The course is divided into several sections, including an introduction, course materials download (Python code), understanding why data quality matters, ensuring high data quality, assessing data quality, data transformations, outliers and missing data, and becoming a high-quality data scientist. A bonus section is also available.
This course, titled “Data Quality & Profiling with ETL Pentaho DI & DataCleaner,” offers a comprehensive overview of data quality improvement through profiling, cleansing, and automation using the popular ETL tool Pentaho Data Integration and Data Quality tool DataCleaner. Through 8 sessions, 43 lectures, and 103 minutes of content, learners will gain a fundamental understanding of key terminologies, basic concepts, and implementation techniques needed to build fully functional data quality implementations.
The course emphasizes the importance of data quality assurance for businesses to stay competitive and avoid losses. It also offers learners the confidence to tackle data-related challenges and opportunities in various formats and volumes.
The content includes comprehensive hands-on sessions, quizzes, and demo use cases to help learners test their knowledge and practice their skills. The downloadable files available in the last session of the course allow learners to practice at their own pace.
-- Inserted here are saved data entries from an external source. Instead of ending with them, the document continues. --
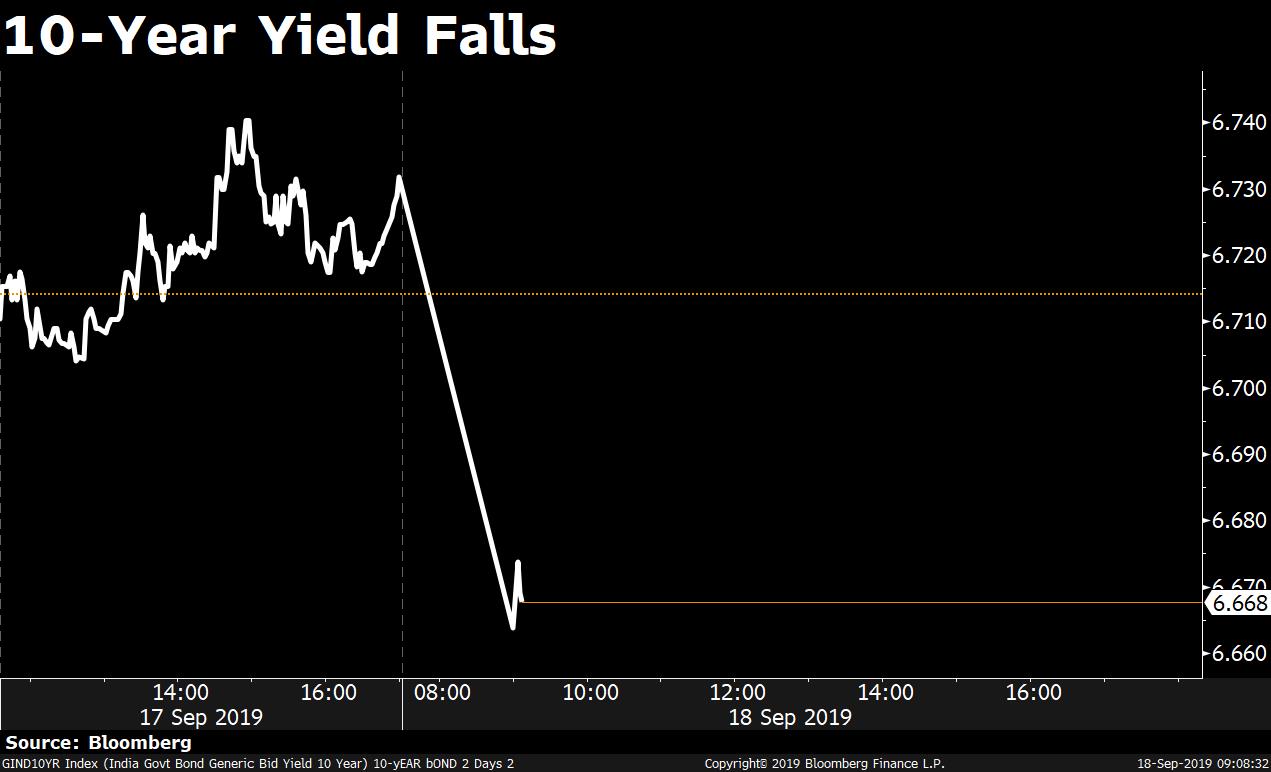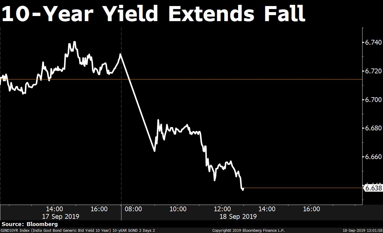 The yield on the 10-year note extended opening declines. It fell as much as 10 basis points to 6.63 percent.
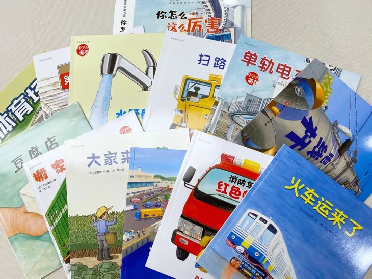 分别是:《火车运来了》《港口的一天》《电线杆》《消防车的红色螺钉》《体育场》《水管的秘密》《单轨电车之旅》《扫路车》《豆腐店》《第一次坐地铁》《搬家》《大家来制茶》。
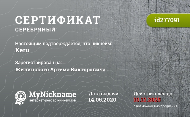 certificate for nickname: Keru (id277091)
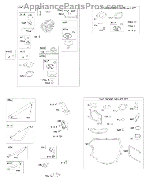 Parts for Briggs & Stratton 441577-0442-E1: Carburetor, Fuel Supply, Gasket Set - Engine, Kit - Carburetor Overhaul Parts
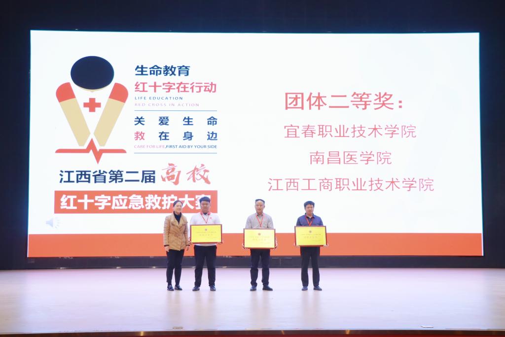 近日,江西省第二届高校红十字应急救护大赛在南昌落下帷幕。威尼斯官网医学院参赛学生张敏捷、钟荣芳取得CPR+AED操作个人单项第一名,荣获特等奖;邓家莉获包扎单项操作一等奖;李佳丽获包扎操作单项三等奖,整个参赛队伍荣获团体二等奖的好成绩。
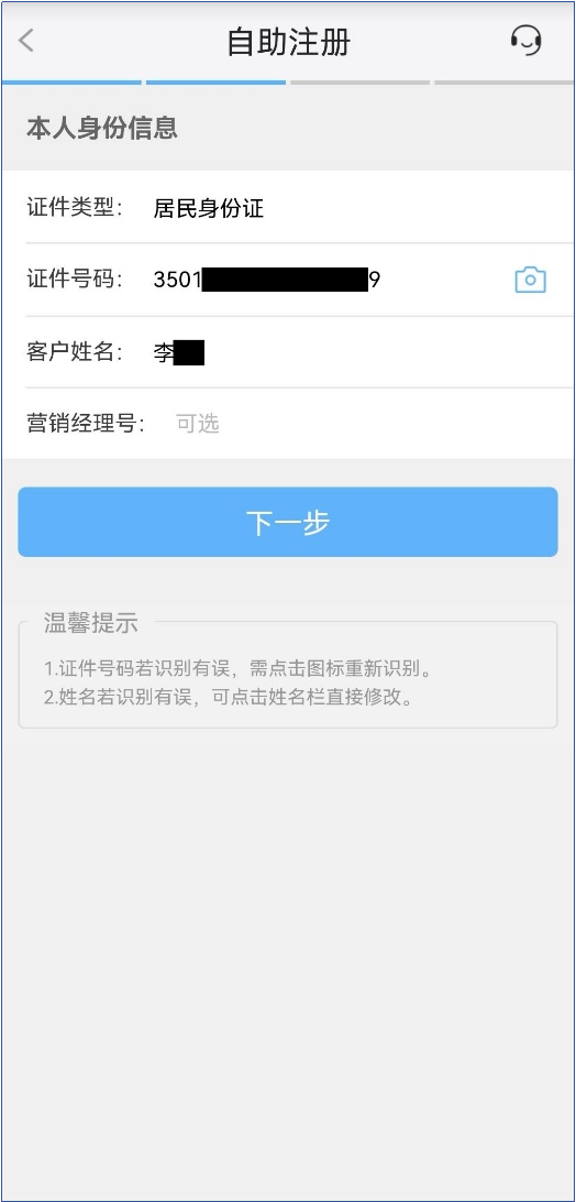 ③. 在客戶身份信息錄入頁面,點擊右邊的照相機圖標,頁面跳轉ocr識別,用戶使用手機后置攝像頭掃描身份證正面,頁面自動識別身份證號碼與姓名,并回填在頁面上,用戶輸入經銷經理號(可以不填),點擊下一步。
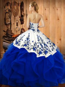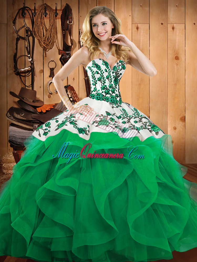 Traditional Turquoise Sweetheart Neckline Embroidery and Ruffles 15th Birthday Dress Sleeveless Lace Up
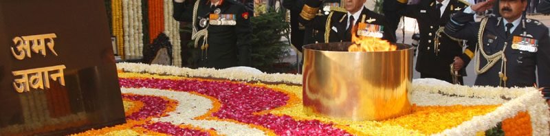 The Chief of Naval Staff, Admiral Sunil Lanba along with the Chief of Army Staff, General Dalbir Singh and the Chief of the Air Staff, Air Chief Marshal Arup Raha paying homage at the Amar Jawan Jyoti, India Gate, on the occasion of Navy Day, in New Delhi on December 04, 2016.

Upon completion of the course, learners will have the knowledge and confidence to implement fully functional automated data quality solutions in their projects. The course is divided into seven sections, covering topics such as building the foundation, introduction and installation of tools, working with DataCleaner, integrating DataCleaner with PDI, walk-through on demo use cases, and what’s next in data domain learning.
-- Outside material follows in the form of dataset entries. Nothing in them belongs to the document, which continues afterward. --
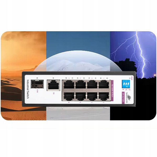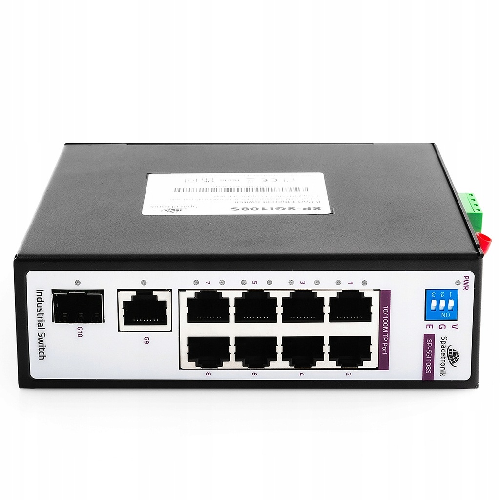 10 portowy SWITCH przemysłowy Spacetronik 8x port 10/100Mbps + 1x Uplink Ethernet port RJ45 1Gbps + 1x SFP port 1Gbps SP-SGI108S
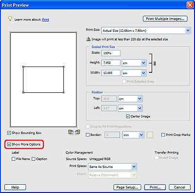 Clique na caixa Show More Options (Mostrar Mais Opções) e seleccione Same As Source (Igual à Entrada) como definição de Print Space (Espaço de Impressão).
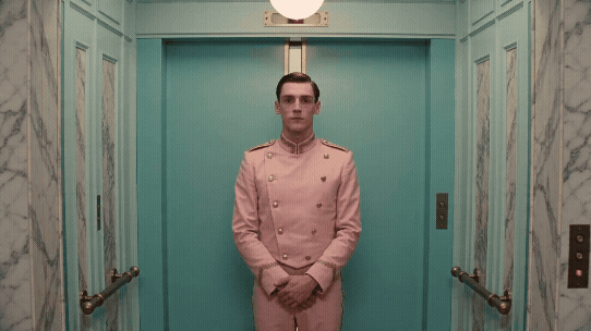 韦斯·安德森式对称构图。固定镜头,画面严格中轴对称。穿粉色制服的电梯服务员面无表情地站在正中央,双手交叠在身前,左右两侧是完全镜像的大理石墙壁和黄铜把手,电梯内部整体色调统一为薄荷绿配奶油白,构图精确工整如同建筑制图,复古而精致的童话酒店感。
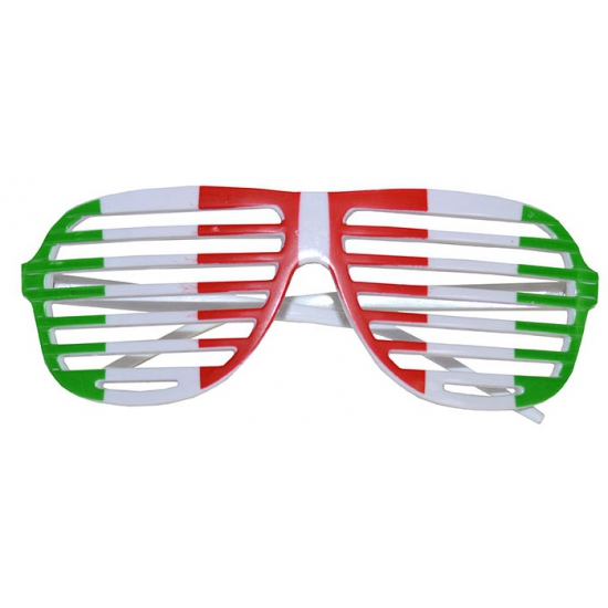Italie lamellen supporters zonnebril voor volwassenen. Deze bril voor volwassenen heeft de print groen wit rood van de Italiaanse vlag. Landen thema vlaggen verkleed feestartikelen. Let op: dit is een verkleedaccessoire voor volwassenen, beschermt niet tegen de zon en is niet geschikt voor kinderen.

The DQS Training Course covers Microsoft SQL Server Data Quality Services for data cleansing and data deduplication with the use of Data Quality Client and SSIS tools. The course is taught by Vikas Munjal through an online video training format.
The course is divided into four main sections which include DQS Introduction, DQS Terminologies, DQS Architecture, and DQS Installation. The course also covers Data Cleansing, Data Source used for Demonstration, Domains and Knowledge Base, and a Cleansing Project. Additionally, an SSIS Package for Data Cleansing is also included.
Data Deduplication is also covered in the course with topics including Matching Policies and a Deduplication Project. The course goes on to cover Advanced DQS topics such as Term Based Relations, Composite Domains, Creating Regular Expressions Rules in a domain, Domain DataTypes, Import Knowledge Base & Domains, Export Knowledge Base & Domains, Open Delete Rename Unlock Knowledge Base & Projects, Purpose of each DQS Databases, Backup and Restore DQS Databases, DQS Configurations, and the DQS Activity Monitor.
The course is divided into four main sections: Introduction, Data Cleansing, Data Deduplication, and Advanced DQS. The course covers a wide range of topics, including DQS Terminologies, Matching Policies, and Composite Domains. The course is taught through an online video training format and is led by Vikas Munjal. The course is suitable for those interested in learning Microsoft SQL Server Data Quality Services for data cleansing and data deduplication with the use of Data Quality Client and SSIS tools.